= Goal of the exercise =
Your reply should be the whole listing, copied exactly, with the pictures left out.
---- Dataset section
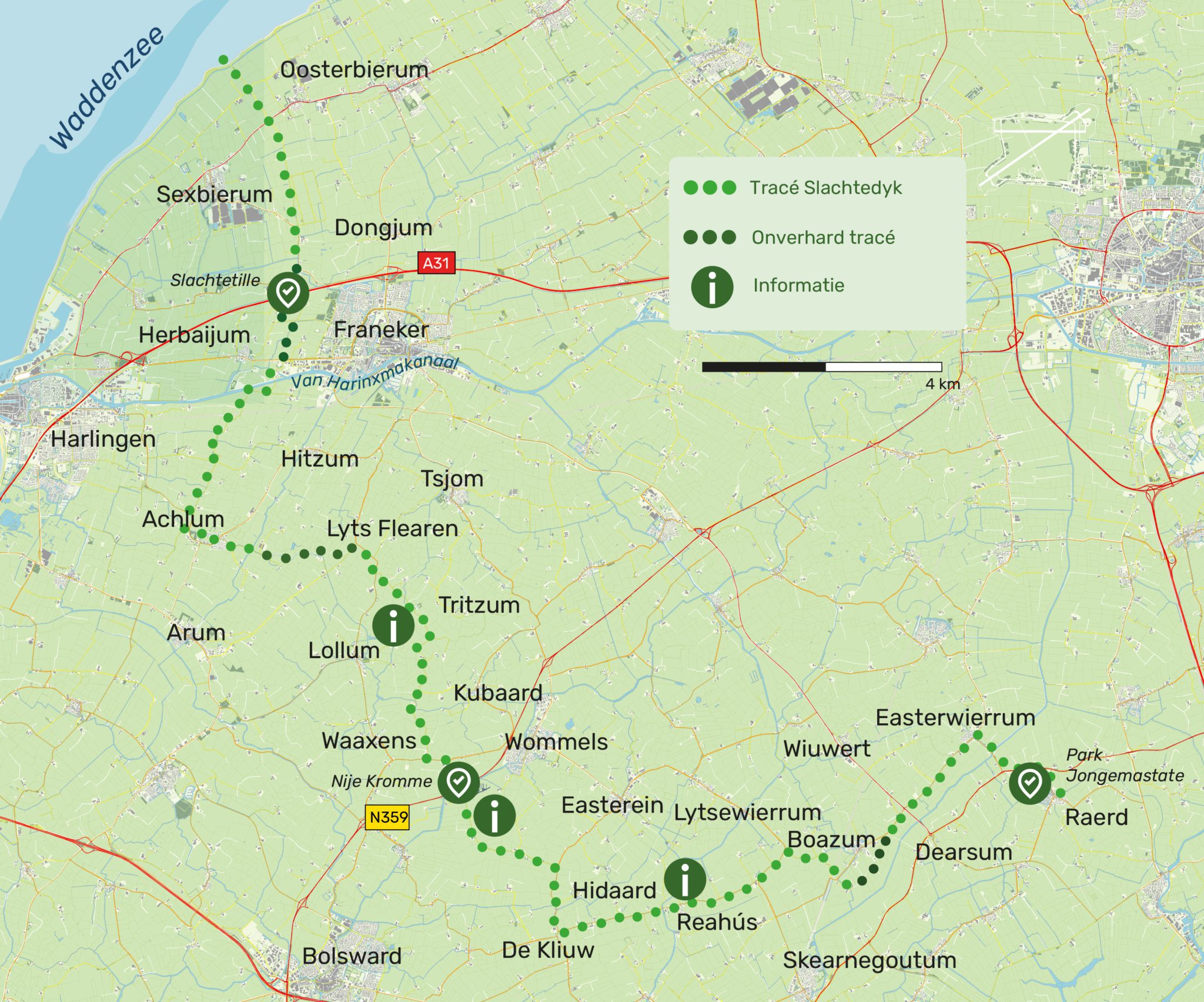 Om te zorgen voor variatie in bloemen en kruiden op de Slachtedyk maaien we het gras twee keer per jaar in juni-juli en een keer in september-oktober. It Fryske Gea heeft met een aantal buurboeren een overeenkomst. Zij halen het gras na het maaien gelijk voor ons weg. De boeren gebruiken het maaisel als hooi voor hun paarden, koeien en schapen of als strooisel in de stal. Deze aanpak grijpt terug op een eeuwenoude traditie. Ook vroeger werd het bermgras van de Slachtedyk door aanwonende boeren gebruikt.
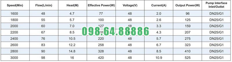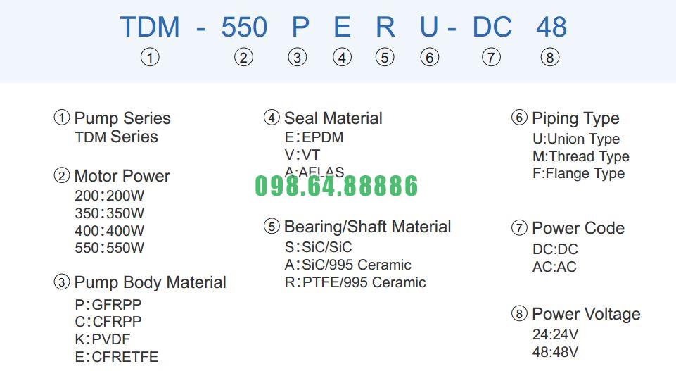 Bảng thông số kỹ thuật bơm hóa chất điện áp 24v và 48v TDM-400ERU-DC48
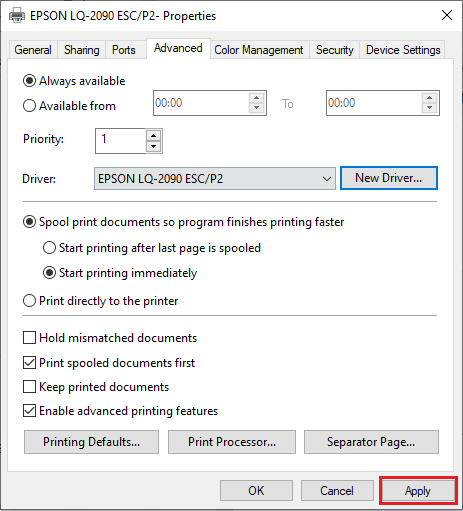 10. ตรวจสอบ Driver Printer ที่เลือกและคลิกปุ่ม “Apply”
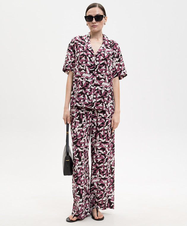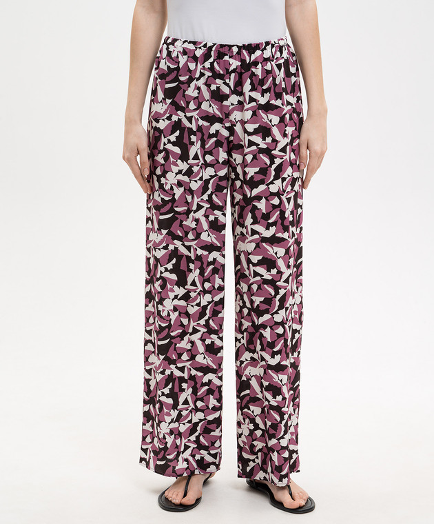 Розовые брюки из шелка в принт
--------
= Result for this task =
 Om te zorgen voor variatie in bloemen en kruiden op de Slachtedyk maaien we het gras twee keer per jaar in juni-juli en een keer in september-oktober. It Fryske Gea heeft met een aantal buurboeren een overeenkomst. Zij halen het gras na het maaien gelijk voor ons weg. De boeren gebruiken het maaisel als hooi voor hun paarden, koeien en schapen of als strooisel in de stal. Deze aanpak grijpt terug op een eeuwenoude traditie. Ook vroeger werd het bermgras van de Slachtedyk door aanwonende boeren gebruikt.
 Bảng thông số kỹ thuật bơm hóa chất điện áp 24v và 48v TDM-400ERU-DC48
 10. ตรวจสอบ Driver Printer ที่เลือกและคลิกปุ่ม “Apply”
 Розовые брюки из шелка в принт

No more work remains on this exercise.